Best AI Prompts for Web Scraping Scripts with ChatGPT

TL;DR

ChatGPT can generate complete Python web scraping scripts when provided with the target website structure, data requirements, and technical context
BeautifulSoup scripts work best for static HTML pages; Selenium scripts are needed for JavaScript-heavy pages
The most effective scraping prompts specify the target website, data fields, and technical stack — vague prompts produce broken scripts
Script quality depends on prompt specificity — website structure, anti-scraping measures, and error handling requirements must be included
Always add rate limiting and respectful scraping practices to generated scripts to avoid IP blocks and server overload
Generated scripts should be reviewed and tested before running on large datasets

Introduction

Web scraping scripts automate data extraction from websites. Unlike no-code scraping tools, scripts give you complete control over the extraction process, handle complex scenarios, and can be scheduled and integrated into data pipelines. The challenge is that writing scraping scripts from scratch is time-consuming, and maintaining them as websites change requires ongoing engineering effort.

ChatGPT accelerates scraping script development by generating working code from clear specifications. Given a description of what you want to extract and from which website, ChatGPT can produce a Python script using BeautifulSoup, Selenium, or Scrapy that handles the core extraction logic. You then test, debug, and maintain it.

The key to getting working scripts from ChatGPT is specificity. A prompt that says “write a script to scrape a website” produces an outline. A prompt that describes the website structure, the specific data fields, the technical environment, and the error handling requirements produces a script that is much closer to production-ready.

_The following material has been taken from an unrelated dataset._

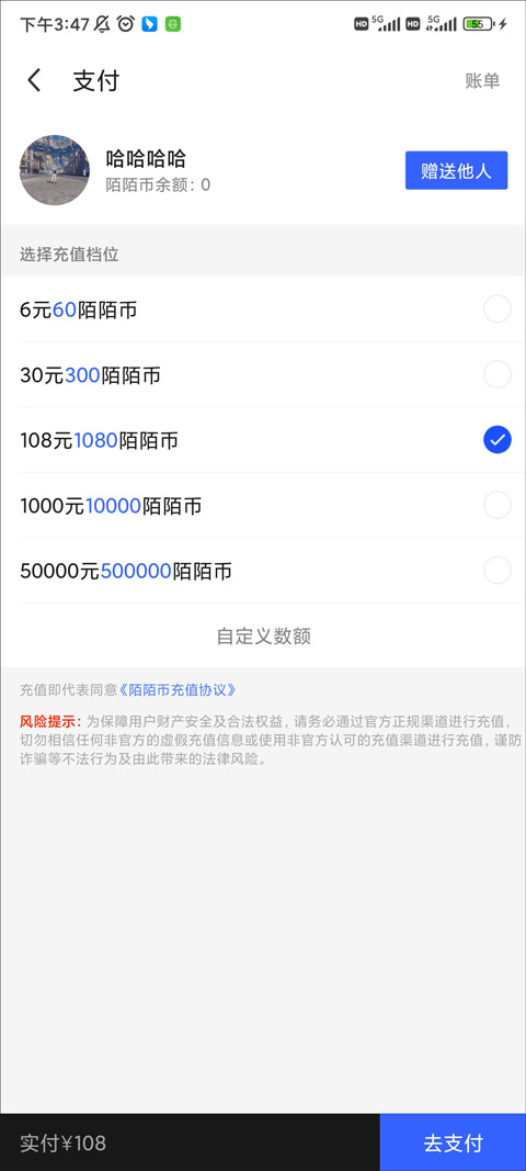 4、在下一步页面中可以看到“赠送他人”的蓝色按钮,点击即可为好友充值陌陌币。

BeautifulSoup vs. Selenium: Which to Use
Basic BeautifulSoup Script Prompts
Selenium Script Generation Prompts
Pagination and Multi-Page Scraping Prompts
Data Cleaning in Python Prompts
Error Handling and Robustness Prompts
Common Script Mistakes
FAQ

BeautifulSoup vs. Selenium: Which to Use {#beautifulsoup-vs-selenium}

BeautifulSoup parses the HTML that a web server sends back. It works on any website where the data you want is in the initial HTML response. It is faster and uses less memory than Selenium. Use BeautifulSoup when:

The target data loads with the initial page HTML
The website does not require JavaScript execution to display content
Speed and efficiency are important

Selenium automates a real browser (Chrome, Firefox) to render pages the way a human user would see them. It executes JavaScript, fills forms, clicks buttons, and handles dynamic content loading. Use Selenium when:

The target data loads via JavaScript after the initial page load
The website requires interaction (login, search, filtering) before data appears
The website has anti-bot measures that detect non-browser access

ChatGPT can generate scripts for both. Specify which you need based on the website you are scraping.

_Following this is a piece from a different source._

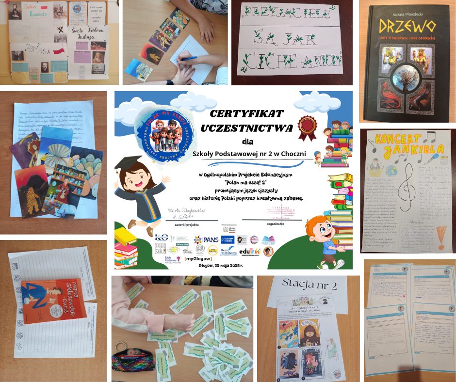 Ogólnopolski Projekt Edukacyjny "Polak ma essę! 2" dobiegł końca. Uczniowie klas IV-VIII wykonali różnorodne plakaty i ulotki związane z lekturami, tworzyli wiersze, pisali ciekawe opowiadania, e-maile, a nawet kaligrafowali cytaty. Projekt udowadnia, że można się wiele nauczyć poprzez zabawę i pracę w grupach. Czekamy na kolejną edycję w przyszłym roku szkolnym.

Basic BeautifulSoup Script Prompts {#basic-beautifulsoup-script-prompts}

Prompt:

Generate a Python script using requests and BeautifulSoup to scrape [WEBSITE/URL].

Data to extract:
1. [FIELD NAME]: located at [CSS SELECTOR OR ELEMENT DESCRIPTION]
2. [FIELD NAME]: located at [CSS SELECTOR OR ELEMENT DESCRIPTION]
...etc.

Output: CSV file with headers [LIST HEADERS]

Technical requirements:
- Python version: 3.x
- Libraries: requests, beautifulsoup4
- Error handling: skip pages that fail, log errors
- Rate limiting: [DELAY IN SECONDS] between requests

Include:
1. requests.Session() for connection pooling
2. Proper headers (User-Agent, Accept-Language) to avoid basic blocks
3. BeautifulSoup parsing with html.parser
4. CSV writer with proper encoding
5. Error handling for request failures and parsing errors

Test URL: [URL WITH DATA TO SCRAPE]

[WEBSITE + DATA + TECHNICAL REQUIREMENTS]

Selenium Script Generation Prompts {#selenium-script-generation-prompts}

Prompt:

Generate a Python Selenium script to scrape [WEBSITE/URL].

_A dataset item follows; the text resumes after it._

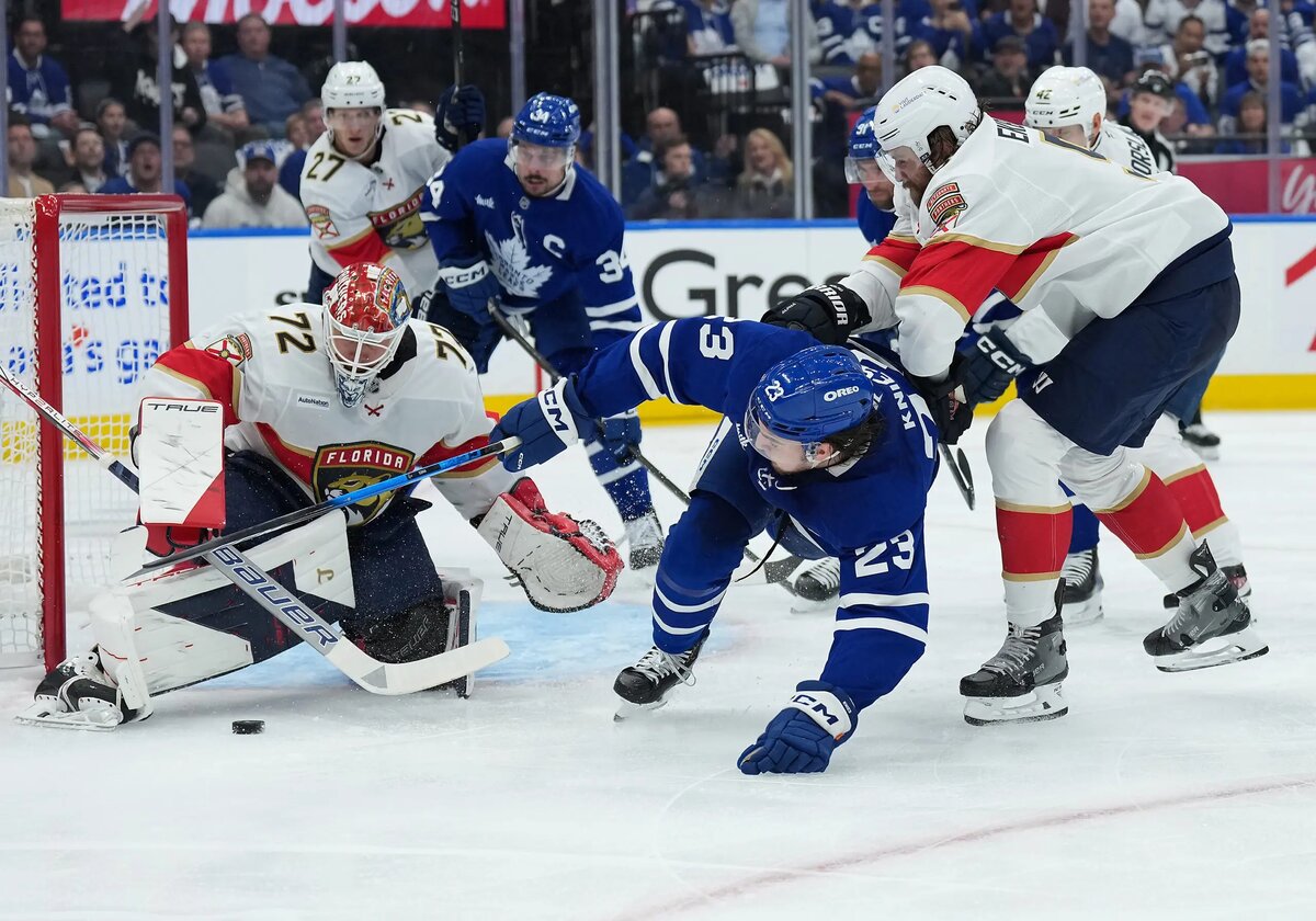 Сергей Бобровский пропустил всего 11 голов в пяти матчах серии первого раунда Восточной конференции, где «Флорида Пантерз» обыграла «Тампа-Бэй Лайтнинг». Но против «Торонто Мэйпл Лифс» двукратный обладатель «Везина Трофи» выглядит куда более уязвимым: за два матча в его воротах уже побывало 9 шайб, включая четыре – в поединке №2, который «Флорида» проиграла со счётом 3:4. Тем не менее уверенность команды в голкипере, который в прошлом году привёл её к первому Кубку Стэнли в истории, остаётся непоколебимой. «Какое слово ты использовал?» – переспросил у журналиста защитник Аарон Экблад. «Легенда? Да. Режим бога. Именно за это мы и любим Бобби. Не говоря уже о том, что он вообще-то лучший человек на планете». Два года назад, когда «Пантерз» во втором раунде обыграли «Торонто» со счётом 4–1, Бобровский был практически непробиваем – он отразил 164 из 174 бросков (94,3% спасений). Сейчас «Флориде», начиная с третьего матча серии, который пройдёт на домашней Amerant Bank Arena, нужна такая же

This website requires [JAVASCRIPT RENDERING / LOGIN / BUTTON CLICK TO LOAD DATA — describe what makes Selenium necessary]

Data to extract:
1. [FIELD NAME]: located at [CSS SELECTOR OR ELEMENT DESCRIPTION]
2. [FIELD NAME]: located at [CSS SELECTOR OR ELEMENT DESCRIPTION]
...etc.

Output: CSV file with headers [LIST HEADERS]

Technical requirements:
- Browser: Chrome (headless mode for automation)
- Libraries: selenium, webdriver-manager
- Explicit wait conditions for elements to load
- Error handling: gracefully handle elements not found

Selenium-specific requirements:
1. Initialize Chrome in headless mode
2. Use WebDriverWait with expected_conditions for dynamic content
3. Handle StaleElementReferenceException with retry logic
4. Close the browser properly in finally block

Include polite scraping practices: [DELAY] seconds between actions.

[WEBSITE + DATA + TECHNICAL REQUIREMENTS]

Pagination and Multi-Page Scraping Prompts {#pagination-multi-page-scraping-prompts}

Prompt:

Generate a Python scraping script that handles pagination for [WEBSITE].

Pagination type: [NUMBERED PAGES WITH NEXT BUTTON / "LOAD MORE" BUTTON / PAGE NUMBER IN URL / INFINITE SCROLL]

URL pattern: [HOW PAGE NUMBERS APPEAR IN URL — e.g., page=1, /page/1/]

Data to extract (same fields on each page):
1. [FIELD NAME]
2. [FIELD NAME]
...etc.

Pages to scrape: [NUMBER OR "ALL PAGES UNTIL NO MORE DATA"]

Script requirements:
1. Loop through all pages using the pagination pattern
2. Extract data from each page
3. Handle the last page (no more next button or URL pattern breaks)
4. Add [DELAY] seconds between page requests
5. Save incrementally or save all at once at the end
6. Report total pages scraped and records extracted

[WEBSITE + PAGINATION TYPE + DATA + PAGE COUNT]

Data Cleaning in Python Prompts {#data-cleaning-python-prompts}

Prompt:

I have scraped raw data from [SOURCE]. The data needs cleaning. Generate a Python script to clean and format it.

Raw data sample:
[PASTE 5-10 ROWS WITH RAW VALUES]

Issues to fix:
1. [ISSUE — e.g., HTML tags in text fields]
2. [ISSUE — e.g., inconsistent date formats]
3. [ISSUE — e.g., trailing whitespace]
4. [ISSUE — e.g., special characters not encoding properly]
5. [ISSUE — e.g., blank/null values that should be marked]

Target output format:
[CSV / JSON with specific field names and types]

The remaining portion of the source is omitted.